大量印刷文件继续被用于各种重要和琐碎的应用。这些应用通常依赖于以印刷文本文件形式提供的信息，而由于时间限制和资源匮乏，对这些文件的完整性验证构成了挑战。源打印机识别可以快速、经济高效地提供有关打印文件来源和完整性的重要信息。即使识别出欺诈性文件，有关其来源的信息也有助于阻止未来的欺诈行为。如果用智能手机摄像头取代扫描仪来获取文档，那么文档取证将变得更加经济、用户友好，甚至在许多有利于远程和分布式分析的应用中更加快捷。在现有方法的基础上，我们建议从字母图像及其打印机特定噪声残差的融合中学习单一 CNN 模型。在没有任何公开数据集的情况下，我们创建了一个新的数据集，该数据集由 2250 张文档图像组成，这些图像是由 18 台打印机打印的文本文档，并由智能手机摄像头在五种采集设置下获取。在 5 × 2 交叉验证方法下，使用字母 "e "的图像，所提出的方法达到了 98.42% 的文档分类准确率。此外，在使用约 50 万个各种类型的字母进行测试时，该方法的字母和文档分类准确率分别达到了 90.33% 和 98.01%，从而凸显了不依赖单一字母类型而学习判别模型的能力。
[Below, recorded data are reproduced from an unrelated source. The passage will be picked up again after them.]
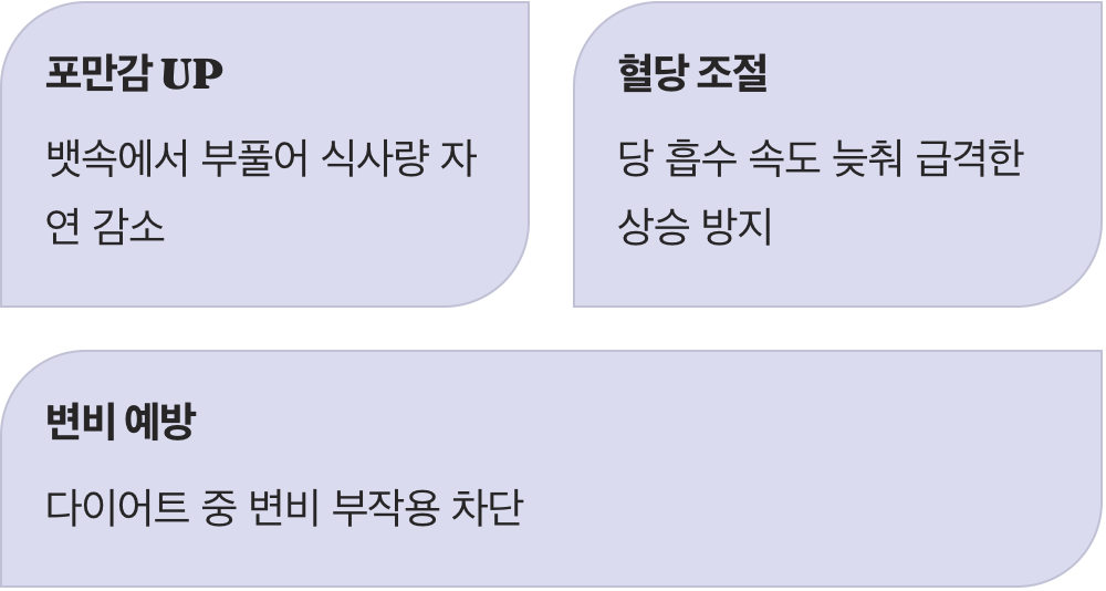 또한 탄수화물이 당으로 흡수되는 속도를 늦춰주어 혈당이 급격히 오르는 것을 막아줍니다. 다이어트 중 변비가 생기는 부작용도 막고, 식욕도 억제하고 싶다면 이만한 친구가 없습니다. 무작정 굶지 말고 이 식이섬유를 활용해 배부르면서도 건강한 다이어트를 성공으로 이끄시길 바랍니다.
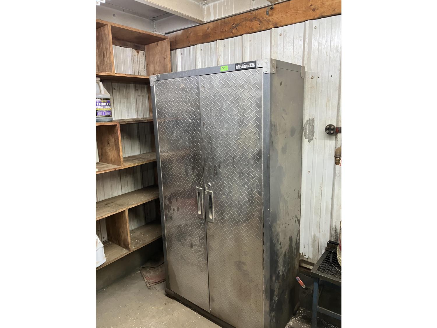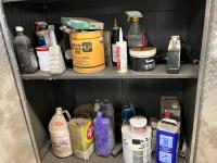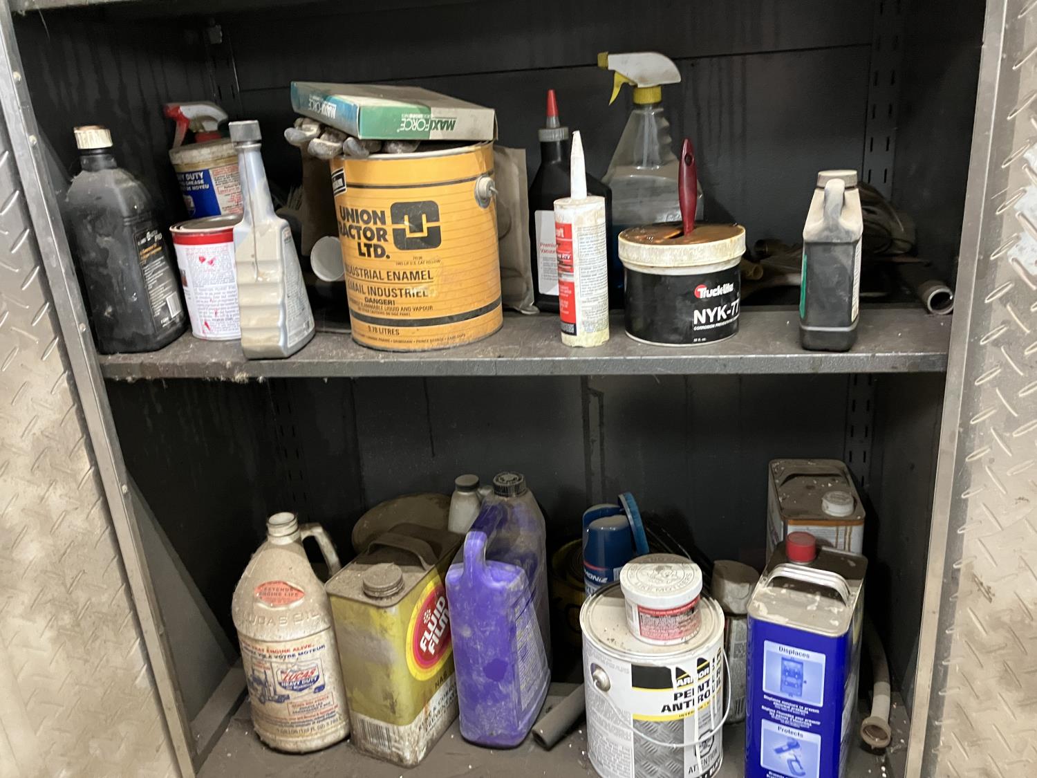 qty of various shop fluids, cabinet measures 36 inch W X 18 inch D X 67.5 inch H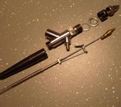 На этой фотографии отбражена конструкция и принцип работы всех толкателей возвращателей. Верхняя раскладка -неподвижные части, слева направо-защитный кожух пружины с регулятором ограничителем,основной корпус с трубками подвода воздуха снизу и краски сверху, фиксирующая гайка еще одного защитного кожуха педали,контровочная гайка сопла,защитный кожух педали, сопло. Нижняя раскладка подвижных частей-возвратная пружина, шток, сухарик(поперек маленькая штучка) и игла(все скручено вместе),толкатель иглы,педалька,дюза (она неподвижна). Работает так-давим на педальку-она сдвигается назад-давит на поперечный сухарик-сухарик сдавливает возвратную пружину и отводит назад из дюзы иглу-игла открывает подачу краски. Для чего нужен поперечный сухарик-при замене дюзы-её дырка становится либо больше, либо меньше и игла перемещается назад или вперед. На педальке образуется люфт. Вот его и убираем подкручивая задний шток и сухарик.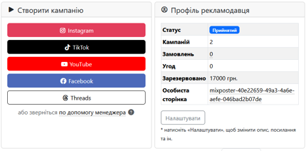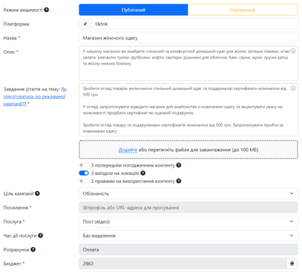 Вкажіть загальну суму рекламного бюджету. Значення може бути 0, в цьому випадку поповнення відбувається під час оформлення замовлення з блогером.

此外，在各种采集设置下，包括低照度和文档与相机平面之间的角度变化，分类准确率也令人鼓舞。

本文章由计算机程序翻译，如有差异，请以英文原文为准。

求助全文

约1分钟内获得全文求助全文

来源期刊

Journal of Information Security and Applications Computer Science-Computer Networks and Communications

CiteScore

10.90

自引率

5.40%

发文量

206

审稿时长

56 days

期刊介绍： Journal of Information Security and Applications (JISA) focuses on the original research and practice-driven applications with relevance to information security and applications. JISA provides a common linkage between a vibrant scientific and research community and industry professionals by offering a clear view on modern problems and challenges in information security, as well as identifying promising scientific and "best-practice" solutions. JISA issues offer a balance between original research work and innovative industrial approaches by internationally renowned information security experts and researchers.